Course Outline
-
Scala Primer for Government
- A quick introduction to Scala for government use
- Labs: Getting acquainted with Scala for government applications
-
Spark Basics for Government
- Background and history of Spark for government
- Integration of Spark with Hadoop for government workflows
- Core concepts and architecture of Spark for government
- Overview of the Spark ecosystem (core, SQL, MLlib, streaming) for government applications
- Labs: Installing and running Spark in a government environment
-
First Look at Spark for Government
- Running Spark in local mode for government testing
- Exploring the Spark web UI for government monitoring
- Using the Spark shell for government data exploration
- Analyzing datasets – part 1, tailored for government needs
- Inspecting RDDs in a government context
- Labs: Exploring the Spark shell for government applications
-
RDDs for Government
- Concepts of RDDs for government data processing
- Partitioning strategies for government datasets
- Operations and transformations on RDDs for government tasks
- Types of RDDs suitable for government use cases
- Key-Value pair RDDs for government applications
- MapReduce operations using RDDs in a government context
- Caching and persistence techniques for government data
- Labs: Creating, inspecting, and caching RDDs for government projects
-
Spark API Programming for Government
- Introduction to the Spark API and RDD API for government developers
- Submitting the first program to Spark in a government environment
- Debugging and logging techniques for government applications
- Configuration properties for government deployments
- Labs: Programming in the Spark API, submitting jobs for government tasks
-
Spark SQL for Government
- SQL support in Spark for government data queries
- Dataframes and their use in government datasets
- Defining tables and importing datasets for government analysis
- Querying data frames using SQL for government reports
- Storage formats (JSON, Parquet) for government data storage
- Labs: Creating and querying data frames, evaluating data formats for government needs
-
MLlib for Government
- Introduction to MLlib for government machine learning tasks
- Overview of MLlib algorithms suitable for government applications
- Labs: Writing MLib applications for government projects
-
GraphX for Government
- Overview of the GraphX library for government data analysis
- GraphX APIs and their application in government workflows
- Labs: Processing graph data using Spark for government tasks
-
Spark Streaming for Government
- Overview of streaming capabilities in Spark for government real-time data processing
- Evaluating streaming platforms suitable for government use
- Streaming operations and their application in government scenarios
- Sliding window operations for government data streams
- Labs: Writing spark streaming applications for government tasks
-
Spark and Hadoop for Government
- Introduction to Hadoop (HDFS, YARN) for government data storage and processing
- Architecture of Hadoop + Spark integration for government workflows
- Running Spark on Hadoop YARN in a government environment
- Processing HDFS files using Spark for government applications
-
Spark Performance and Tuning for Government
- Broadcast variables for optimizing government data processing
- Accumulators for tracking government data metrics
- Memory management and caching strategies for government applications
-
Spark Operations for Government
- Deploying Spark in a production environment for government use
- Sample deployment templates for government IT teams
- Configuration settings optimized for government requirements
- Monitoring tools and techniques for government deployments
- Troubleshooting common issues in government Spark environments
Requirements
PRE-REQUISITES
Familiarity with either the Java, Scala, or Python programming languages (our labs are conducted in Scala and Python)

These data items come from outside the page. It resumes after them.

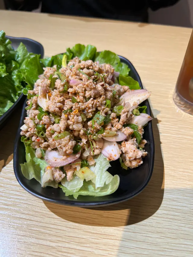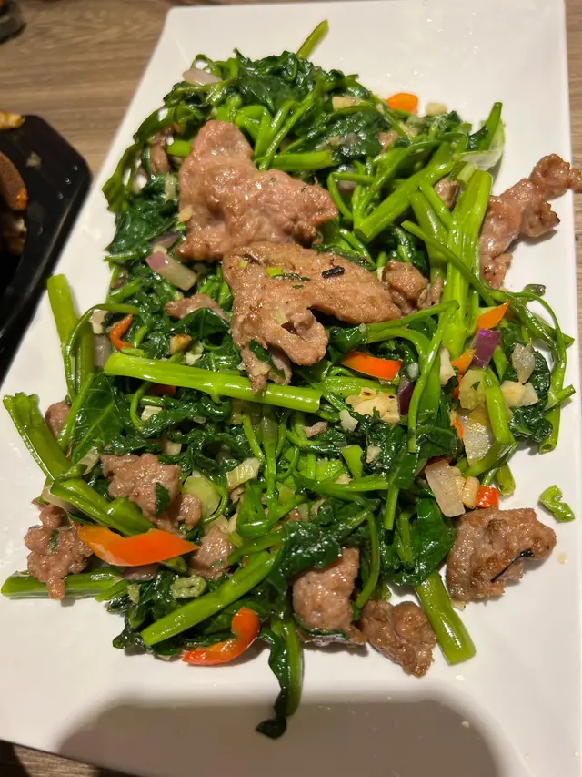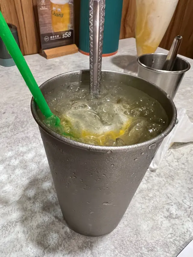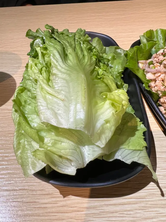 南山村多數是茶餐廳,這間餐廳是唯一的一間泰菜餐廳,萬綠叢中一點紅,當然要試一試。茶餐廳清潔整齊,員工有善。晚餐並沒有套餐,我們點了豬肉生菜包、泰式炒通菜和豬頸肉飯,再加一杯龍眼冰。生菜份量比一般泰菜餐廳的菜少,豬肉味道不錯,辣到適中,適合香港人口味。豬頸肉燒得好香,肥油完全被逼出來,因此豬頸肉沒有半點肥膩感,好吃哦!分量亦相當多,男人吃應該都沒有問題。泰式通菜味道佳,辣度剛剛好,炒菜一般都很肥膩,此處亦走不出肥膩。龍眼冰的龍眼肉很多,好喝啊!買單兩人大約$200,價錢OK !…查看更多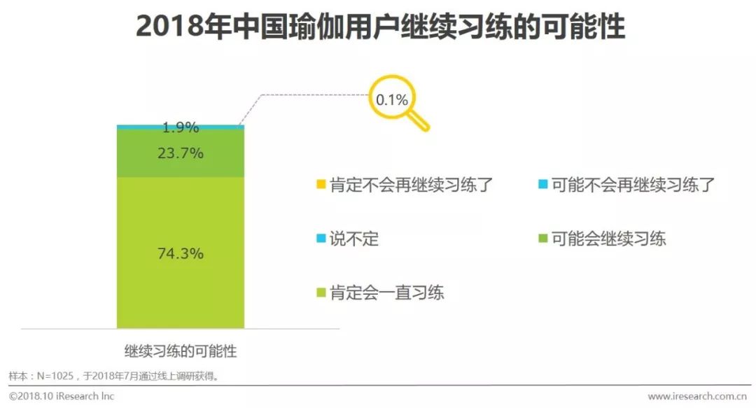 本次调研数据显示,中国瑜伽用户人群中,仅有0.1%表示今后肯定不会继续习练瑜伽,74.3%的用户表示肯定会习练。同时,该类人群期待瑜伽品牌提供更优质的课程,包括局部深度练习课程及更高质量的课程。该数据说明,瑜伽用户的忠诚度极高,一旦为其提供了优质服务,用户流失率将大大低于其它类运动。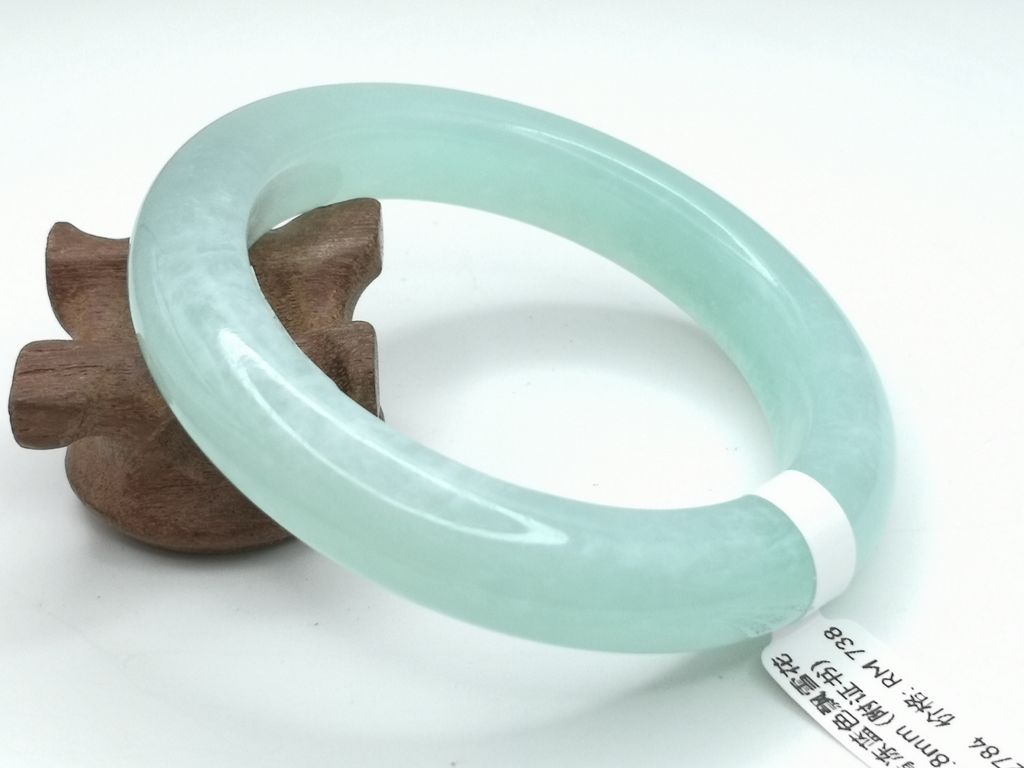 🍀 B2784 - Natural Serpentine TianQing Frozen Jade Bangle 57mm (with certificate) 天然岫岩岫玉 天青冻 蓝色飘雪花玉手镯 57mm (附证书)

Basic understanding of a Linux development environment, including command line navigation and file editing using tools such as VI or nano, is required for government participants.
Testimonials (6)
Doing similar exercises different ways really help understanding what each component (Hadoop/Spark, standalone/cluster) can do on its own and together. It gave me ideas on how I should test my application on my local machine when I develop vs when it is deployed on a cluster.
Thomas Carcaud - IT Frankfurt GmbH
Course - Spark for Developers
Ajay was very friendly, helpful and also knowledgable about the topic he was discussing.
Biniam Guulay - ICE International Copyright Enterprise Germany GmbH
Course - Spark for Developers
Ernesto did a great job explaining the high level concepts of using Spark and its various modules.
Michael Nemerouf
Course - Spark for Developers
The trainer made the class interesting and entertaining which helps quite a bit with all day training.
Ryan Speelman
Course - Spark for Developers
We know a lot more about the whole environment.
John Kidd
Course - Spark for Developers
Richard is very calm and methodical, with an analytic insight - exactly the qualities needed to present this sort of course.